Expression somatique cutanée d’un désordre psychiatrique souvent grave, la pathomimie est une maladie factice entièrement provoquée dans un état de conscience claire par le malade lui-même sur son revêtement cutanéomuqueux, mais la motivation est inconsciente.
L’expression la plus grave est le syndrome de Munchhausen, survenant chez des malades mythomanes s’infligeant quelquefois des lésions graves, menaçantes pour leur vie. Les pathomimies ont deux caractéristiques : l’absence de motif rationnel précis et le secret que garde le malade à propos de sa propre responsabilité dans la survenue de sa dermatose. Elles doivent donc être distinguées des simulations, lésions induites dans un but de bénéfice social, et des attitudes compulsives (excoriations névrotiques par exemple), généralement reconnues comme telles par le malade, qui admet qu’il ne peut s’empêcher de les provoquer. Les pathomimicries sont également distinctes et de meilleur pronostic – il s’agit de l’induction de poussées de maladies cutanées connues par exposition volontaire à l’agent responsable : auto-entretien d’un ulcère de cause connue, contact avec un allergène identifié dans l’eczéma (parfum, lanoline…), reprise d’un médicament incriminé dans la toxidermie.
La prédominance de la pathomimie est nettement féminine (74-88 %). Un diagnostic précoce est essentiel afin de limiter les gestes agressifs qui renforcent la pathologie.

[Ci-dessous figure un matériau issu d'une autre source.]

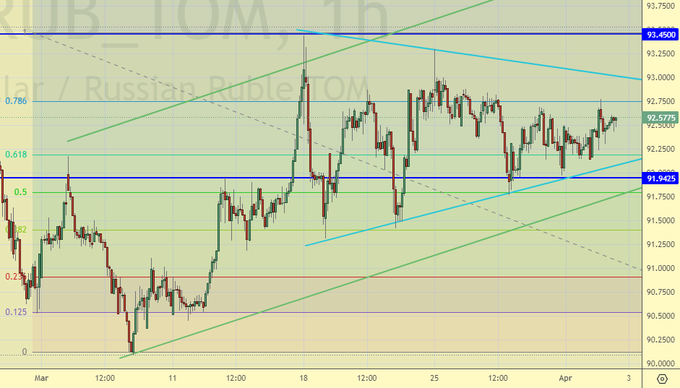Видим диапазон, динамичного выхода из которого у нас, скорее всего, не будет. Если за сегодня и за завтра мы не сможем вырасти, то так и будем обитать в коридоре 91.50 – 93.50.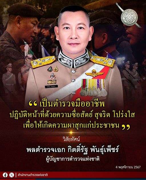 วิสัยทัศน์ ผบ.ตร. 6 พฤศจิกายน 2567 โดย thepha / ข่าวประชาสัมพันธ์,ข่าวฝากประชาสัมพันธ์ “ เป็นตำรวจมืออาชีพ ปฏิบัติหน้าที่ด้วยความ ซื่อสัตย์ สุจริต โปร่งใส เพื่อให้เกิดความผาสุกแก่ประชาชน ” . พลตำรวจเอก กิตติ์รัฐ พันธุ์เพ็ชร์ ผู้บัญชาการตำรวจแห่งชาติ . #ผู้บัญชาการตำรวจแห่งชาติ #พิทักษ์1 #วิสัยทัศน์ผบตร #สำนักงานตำรวจแห่งชาติ #RoyalThaiPolice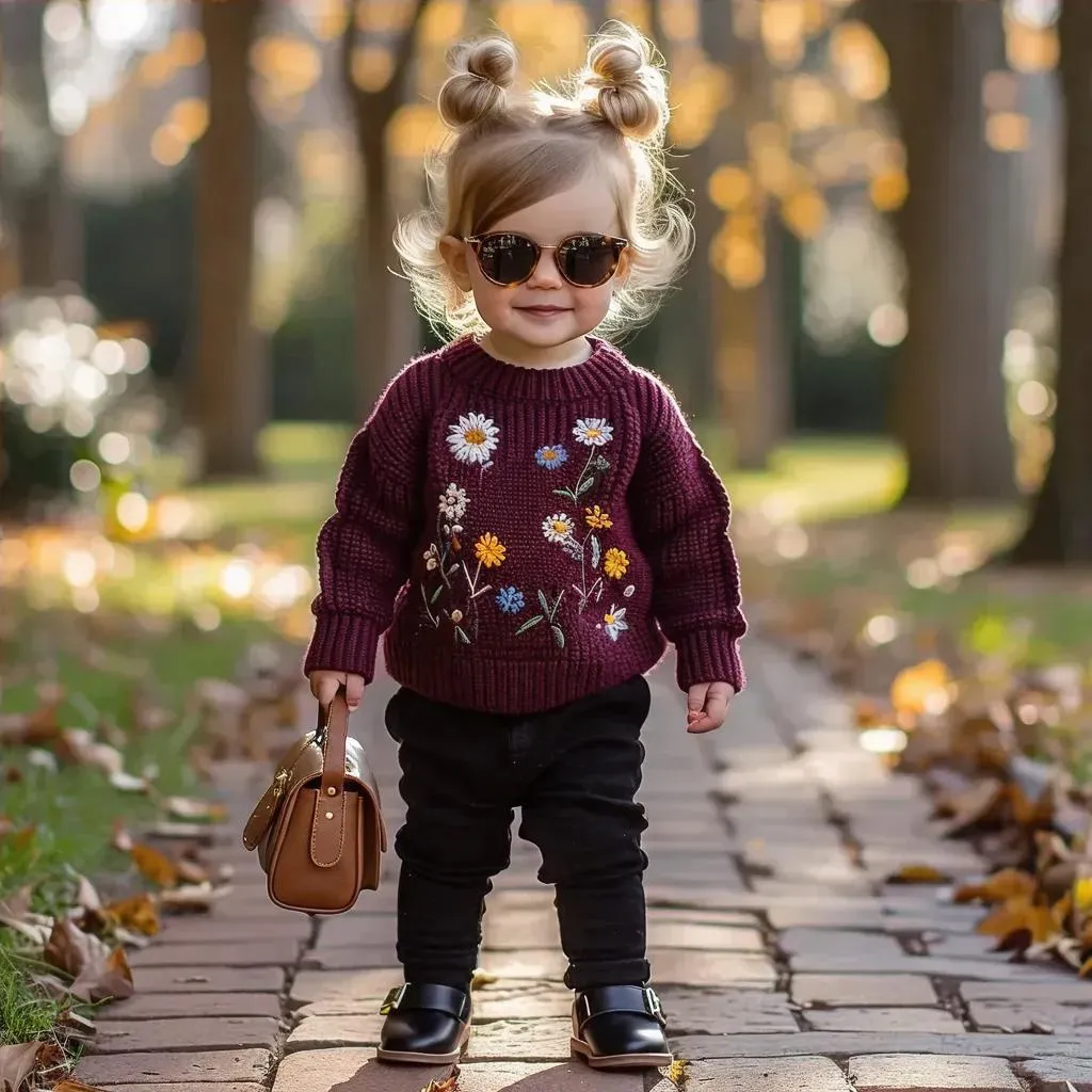 Create a charming AI-generated image of a trendy toddler in a maroon floral sweater, black pants, and sunglasses, sporting blonde hair buns. She carries a brown purse while walking a brick pathway amid lush greenery. Perfect for vibrant, playful visuals with Vivago.ai's AI image tools.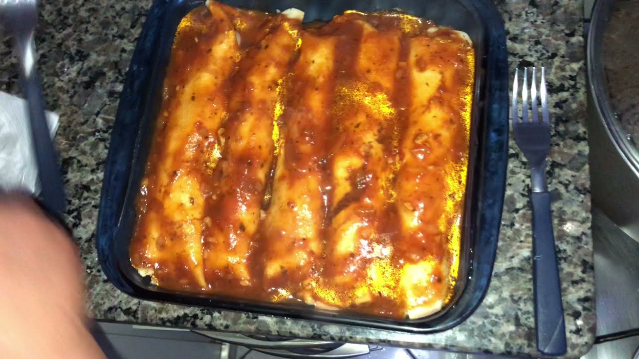 - Coloque uma porção do recheio em cada panqueca e enrole.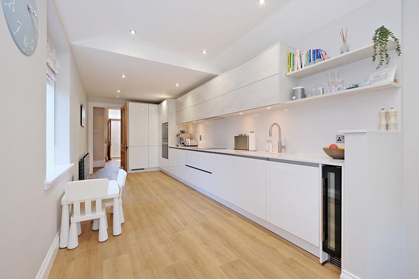 The fully enclosed rear garden is sure to appeal to all members of the family. A paved courtyard is accessible from the dining kitchen. Climbing plants and borders provide seasonal colour, while steps down from the courtyard lead into the extensive basement space. Accommodating head height access, the basement houses the central heating boiler as well as providing excellent storage space.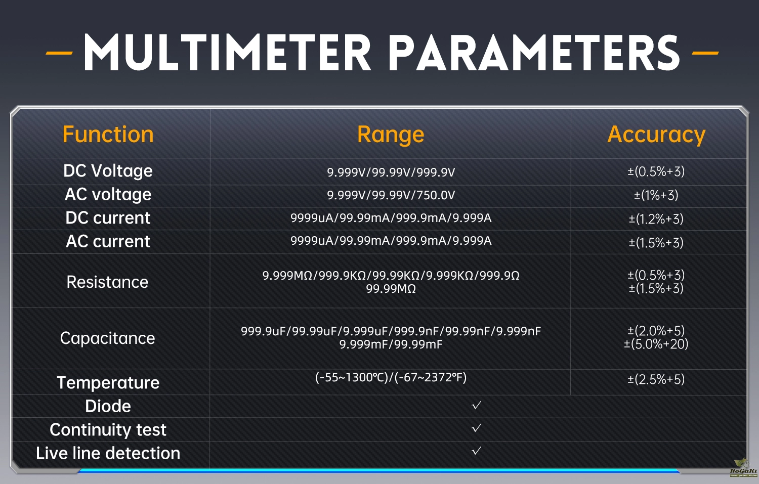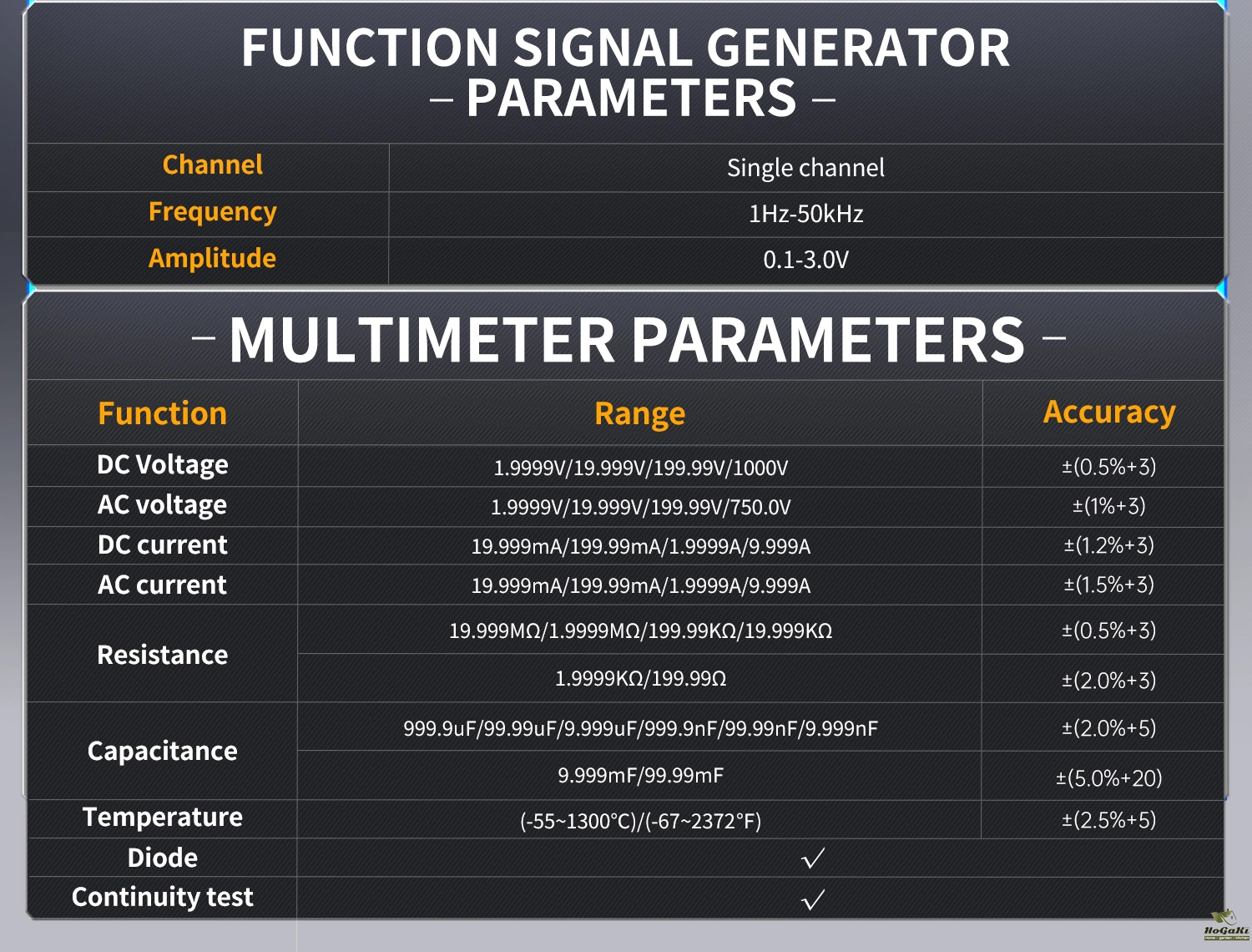 The multimeter in 2C23T offers 4-digit 10000-count true RMS, while 2C53T enhances it with 4.5-digit 19999-count true RMS, supporting AC/DC voltage and current, resistance, capacitance, diode, and continuity measurements.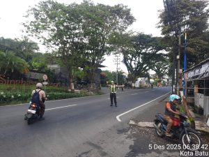 Batu – Satuan Lalu Lintas (Sat Lantas) Polres Batu terus meningkatkan pelayanan kepada masyarakat dengan melaksanakan kegiatan pengaturan arus lalu lintas di kawasan Simpang 3 Beji–Sawahan, salah satu titik jalur padat kendaraan yang menghubungkan wilayah Kota Batu dengan Kabupaten Malang. Kegiatan ini dilakukan sebagai upaya untuk menjaga kelancaran arus kendaraan sekaligus meminimalisir potensi kemacetan maupun kecelakaan lalu lintas. Jumat (05/12/2025)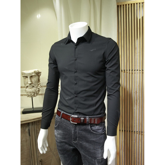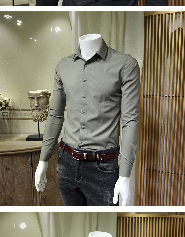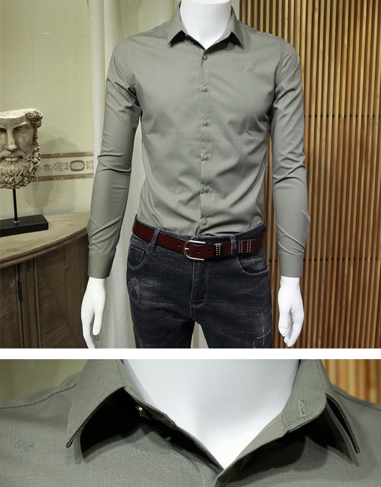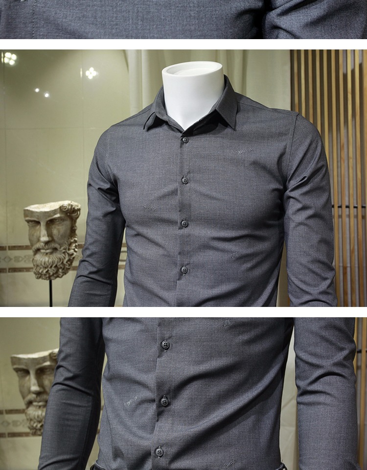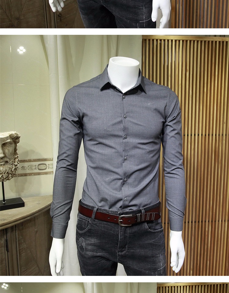 灰色韓版修身男襯衫長袖職業正裝襯衣寸衫商務休閒潮流帥氣打底衫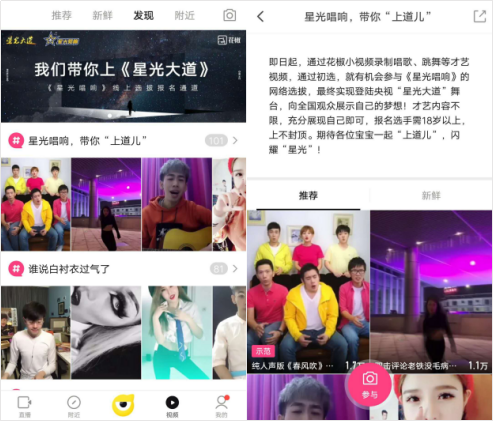 发小视频就能上《星光唱响》 花椒携手央视网为网友点亮《星光大道》

Les manifestations les plus fréquentes sont des ulcérations, excoriations, des nécroses cutanées associées à un érythème, des croûtes, des ecchymoses, des œdèmes segmentaires, des alopécies, des dystrophies unguéales… Leur aspect est très variable car il dépend des moyens utilisés ; produits caustiques, brûlures thermiques, lacérations, injections de produits divers, pose de garrots, ventouses…
Un aspect bizarre
« Un vulnologue avisé reconnaît aisément une pathomimie cutanée : la dermatose ne ressemble à rien de connu et son aspect évoque d’emblée une dermatose factice artificielle », a expliqué le Dr François Truchetet (Metz-Thionville). La morphologie et la topographie des lésions orientent le diagnostic. La dermatose a une apparence bizarre : elle est linéaire, géométrique, contraste nettement par rapport à la peau saine.
Les lésions concernent les zones habituellement accessibles aux mains : visage, membres supérieurs, inférieurs, même s’il existe quelquefois la complicité d’un partenaire (« folie à deux »). Chez l’enfant, les limites de l’hétéropathomimie peuvent être floues, avec des sévices. Les conditions d’apparition peuvent aussi guider le diagnostic, car elles sont soudaines.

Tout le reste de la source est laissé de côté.